そこにある軽食屋の東屋が地元のおじさんの溜まり場になっており、聞いてみるとポソ行きのタクシーは「アダ(ある)」とのこと。勧められるままにコピ(5000ルピア)を飲みながら待つことにする。
しかし「まあ座って待っていろ」というジェスチャーにこれは何とかなりそうと安心して待っていたものの、待てど暮らせどやって来ず 。たまに来ても満席で通り過ぎていくばかり。そうして待つこと約5時間、お昼前になったところでここで待つのは諦めた。
その軽食屋でおこわとナシクニンのコンボ(10000ルピア)を掻き込んで昼食とし、トモニ地区から6kmほど南に戻ったタレンゲ(Tarengge)というところに行ってみることにした。
タレンゲはハイウェーが中スラウェシ方面と南東スラウェシ方面に分かれる三差路になっており、乗り合いタクシーの乗客の入れ替えが行われると読んだ。たむろしていたオジェの運転手が20000ルピアで行くと言ってきたが、待ちくたびれて癪に障ったので歩いて行く。
そうしてトボトボ歩いていると、捨てる神あれば拾う神あり。釣り具となぜかマシンガンを持った2人組の青年がバイクに乗っていけと言う。ありがたく乗せてもらうことにして、バイクに大人3ケツであっという間にタレンゲに着くことができたのだった。ありがとうございます!
そこからもう一つ幸運が続いて事態は急展開。たまたま最初に声を掛けた人が運転手で、ポソには行かないがそのかなり先のパギマナ(Pagimana)に行くと言う。ここからはK字型の右斜め上に伸びる手の部分の北海岸をポソ、アンパナ、パギマナと移動するつもりだったので迷ったが、言い値500000ルピアが300000ルピアになったところでパギマナ行きを決意。
Kの手のほぼ先端に位置するパギマナまでは500km以上あるので、500000ルピアでも妥当だとは思ったが、この先細かく刻んで移動するにしても車の手配にいちいち手間取りそうだし、300000ルピアで行けるならもう一気に行ってしまおうとなったのだった。

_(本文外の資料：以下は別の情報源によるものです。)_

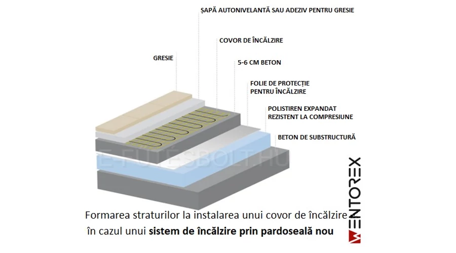 INFORMAȚII IMPORTANTE A Pentru o instalare corectă și pentru a obține o eficiență mai bună a încălzirii și a consumului de energie, utilizați izolație de bază / material izolant sub covorul de încălzire. În oferta magazinului nostru online sunt disponibile plăci izolatoare din polistiren cu grosimi de 6 și 10 mm. Cablurile covorului de încălzire nu pot fi tăiate sau prelungite, însă plasa din fibră de sticlă a covorului poate fi tăiată sau ajustată liber, în funcție de forma și caracteristicile spațiului. Covorul de încălzire este protejat împotriva contactului electric (IP67) pe întreaga suprafață, datorită cablului de împământare conectat. Pe suprafețele de podea acoperite cu covor de încălzire nu se pot amplasa piese de mobilier fixe sau obiecte grele. Mobilierul așezat pe suprafața încălzită trebuie să aibă picioare de cel puțin 4-5 cm înălțime pentru a permite existența unui spațiu de aer! Se recomandă calcularea pierderilor de căldură înainte de instalarea covorului electric de încălzire ca sursă principală de căldură. Înainte de achiziție, consultați-vă cu echipa de montaj și evaluați pierderile de căldură și gradul de izolație al proprietății dumneavoastră!
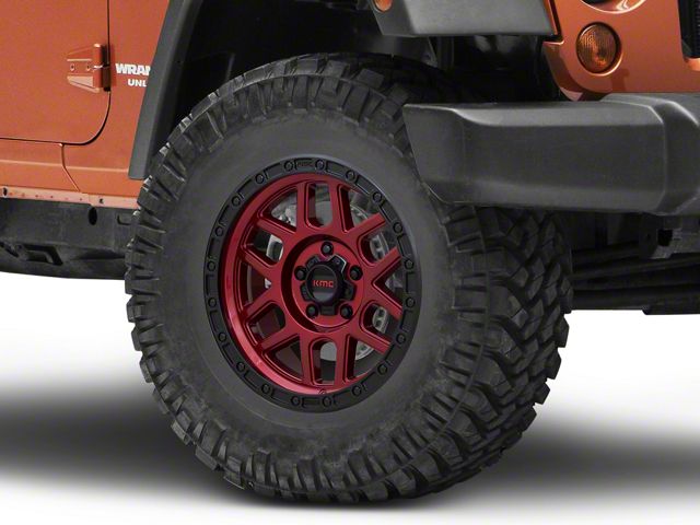 Application. This KMC Mesa Candy Red with Black Lip Wheel; 17x9, with a backspace of 5.709 Inch, 145mm; and bolt pattern of 5 x 127mm (5 x 5-Inch), is designed to fit the 2007-2018 Jeep Wrangler JK . The precise specifications of the wheel ensure proper alignment and driving stability, perfectly complementing the vehicle's model. Sold individually.

せっかくこんなところまで来てポソやアンパナ、もっと言えばポソ湖も省略してしまうのは何とも勿体ない気がするが、また次回の楽しみに取っておくのだと思えば、未練を残しておくのも悪くないと思えた。
その後中に積んであった荷物を屋根に括りつけて最後列の1席分を確保してくれた。14:15タレンゲを出発。

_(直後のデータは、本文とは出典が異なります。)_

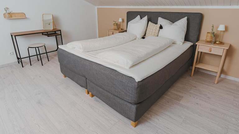 Die Ferienwohnung bietet zwei Schlafzimmer, ein Wohnzimmer, ein Badezimmer mit Dusche sowie eine gut ausgestattete Küche mit Kühlschrank und Geschirrspüler. Handtücher und Bettwäsche werden zur Verfügung gestellt.
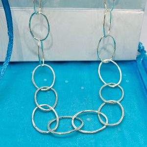 Silver hammered oval link necklace
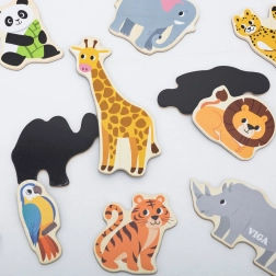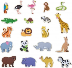 • 20 træmagneter med motiver: giraf, næsehorn, elefant, kænguru, løve, tiger, panda, struds, flamingo, abe, zebra, kamel, krokodille, slange, skildpadde, vaskebjørn, bjørn, ara-papegøje og flere.
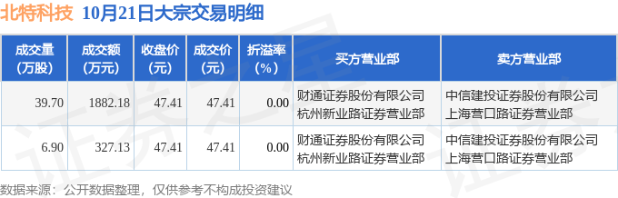 证券之星消息,10月21日北特科技发生大宗交易,交易数据如下:
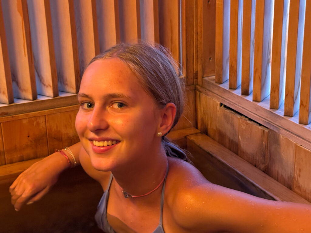 L’endroit où on s’arrête est génial, on a une chambre très spacieuse avec nos propres bains et il y a un book shop et un bar installés dans d’anciens bains qui sont juste hallucinants! Et c’est ouvert toute la nuit!!!!
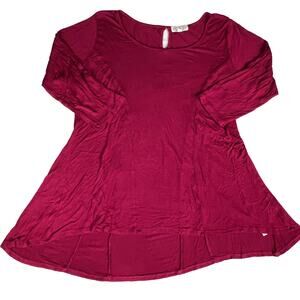 Women's soft stretchy 3/4 sleeve tunic tee shirt top from Pink Rose. Keyhole button closure in back. Thin and lightweight, it will go great with leggings. 95% Rayon, 5% Spandex. Hand wash cold, dry flat. Due to light & screen variations, colors may vary slightly from the images
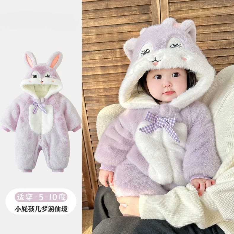 婴儿连体衣冬季加绒棉服女宝宝衣服冬装可爱萌婴幼儿抱衣外出服
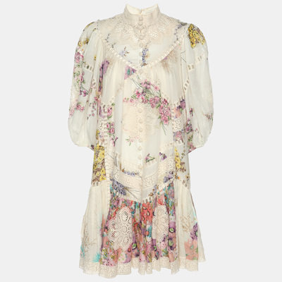 Zimmermann Zimmerman Multicolor Printed Ramie Jude Spliced Trim Mini Dress S 1146456 (lpn29840250)
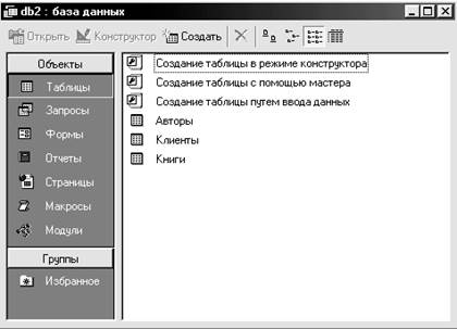 Окно базы данных – одно из основных окон Access. В этом окне находится панель Объекты с кнопками для всех объектов БД. Нажав нужную кнопку, можно приступить к созданию соответствующего объекта. В окне БД также находится своя панель инструментов, содержащая кнопки основных команд меню системы. Из других окон Access можно перейти в окно БД с помощью кнопки F11.
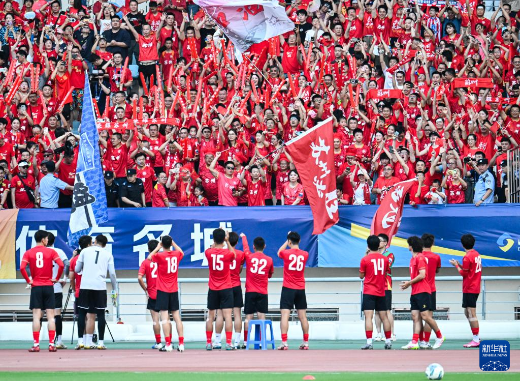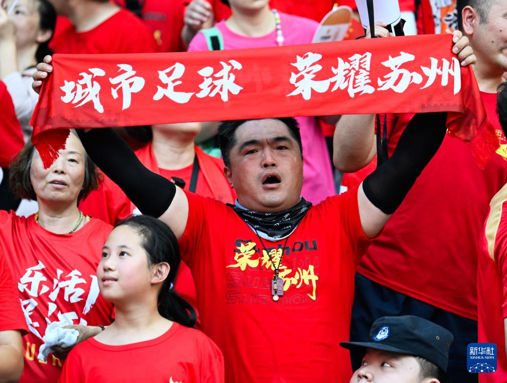 7月5日,蘇州隊球員在比賽前向球迷致意。

横に荷物が迫って窮屈ではあるが、中列は3人掛けで座っていることを考えるとまだマシか。
マンクタナを出てしばらく北上すると、やがてスラウェシ中央山間部の山越えとなる。曲がりくねった道を進んでいった。路面は所々舗装が波打ったり、穴が開いたりはしているけど概ね良好。
16時半頃、一旦少し下ってポソ湖南岸の町ペンドロで最初の休憩。ペンドロは一昨日着いているはずだった町なのだが。。。
同行者の親子。ここではコピを飲んだが、会計は同乗のおやじさんが持ってくれた。ありがとうございます!
その後も何かと気を遣ってくれたり、差し入れをくれるのであった。これは中にソーセージやカマボコみたいなものが入ったフライ。
やがて日が暮れて、20時頃南北に長細いポソ湖北岸の町テンテナ(Tentena)の手前で夕食休憩。
何があるのかいろいろ聞いてみたけど、結局アヤムゴレン一択で選択の余地なし。ただ鶏肉を揚げただけで塩っけも何もなくいまいちな上、40000ルピアと高くてがっかりだった。今のところスラウェシ島の食堂ならどこにでも置いてある、例の黒いケチャップをたっぷりかけて流し込んだのだった。
そして日付けが変わった頃、また休憩かと思ったら運転手夫妻は道端の食堂の横にある東屋でごろ寝。どうやらここはトラック野郎ほか、旅人の仮眠場所になっている様子。仕方なく私も一緒にごろ寝。ずっと狭い車内で過ごすよりはマシか。どうやら今回も長い移動になりそう。